According to Soranus, Greek and Roman women who didn't want to conceive should smear an ointment of old olive oil on the orifice of the uterus (i.e. the cervix). Soranus was fairly lax about the recipe to make this primitive spermicide, suggesting that women could use olive oil, honey, cedar resin, or balsam tree juice, with or without white lead. He most likely learned about this olive oil contraceptive method from Aristotle, who also advocated that women put olive oil or cedar oil in their vaginas to slow the sperms' motility.

7. GHEE AND SALT

Women used whatever ingredients were readily available to them, so ancient Indian women in the 1st century CE inserted cotton dipped in a blend of ghee (clarified butter), honey, and/or tree seeds into their vaginas.

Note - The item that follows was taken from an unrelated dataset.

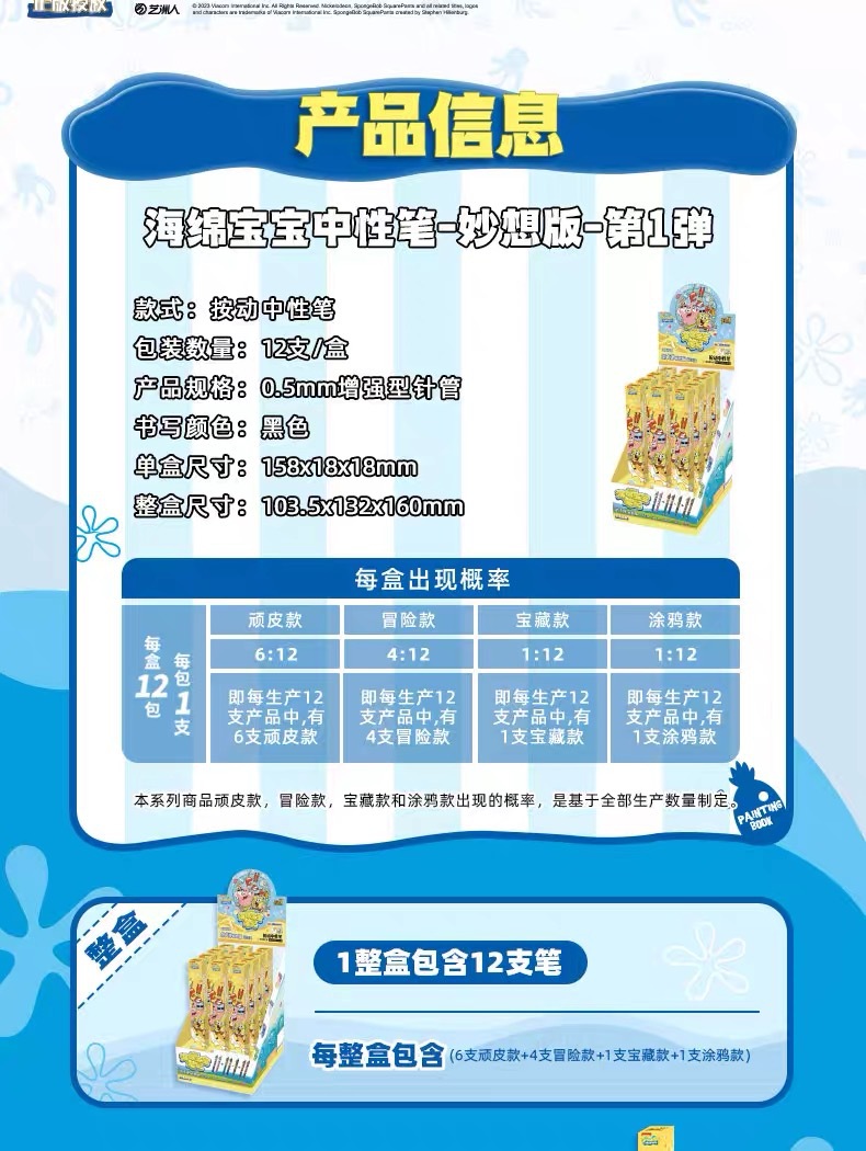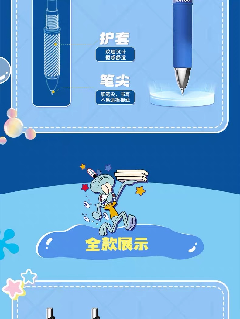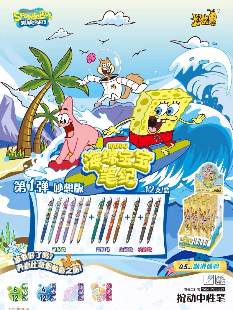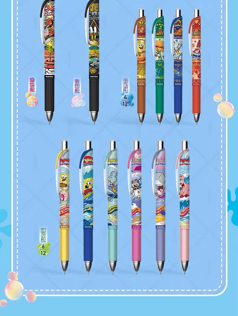Permainan kartu spons asli bayi pulpen gel dorong tampilan tinggi kartun versi indah kotak buta pena siswa menulis hitam

They also used rock salt as a spermicide, which sounds excruciatingly uncomfortable, but the women most likely ground the salt into small, less sharp pieces.

8. JUNIPER BERRIES

Born in Asia Minor (modern Turkey) in the 1st century CE, Pedanius Dioscorides was a physician who wrote about the medicinal use of herbs. In De Materia Medica, he suggested that men and women crush juniper berries and smear them on their genitals. Although the contraceptive strength of juniper berries is up for debate, the berries may interfere with conception by decreasing the likelihood of implantation.

9. POMEGRANATES

To try one of Soranus’s contraceptive methods, get your hands on a pomegranate. According to the Greek gynecologist, women should grind the inside of a fresh pomegranate peel, add water, and apply it to their vagina. To make this contraceptive method more complex, Soranus offers alternative pomegranate recipes, such as two parts pomegranate peel to one part oak gall (a large growth on a tree caused by a certain type of insect) and equal parts pomegranate peel with rose oil and gum. After inserting the pomegranate internally, women “should always follow with a drink of honey water.” Sounds like a plan, Soranus.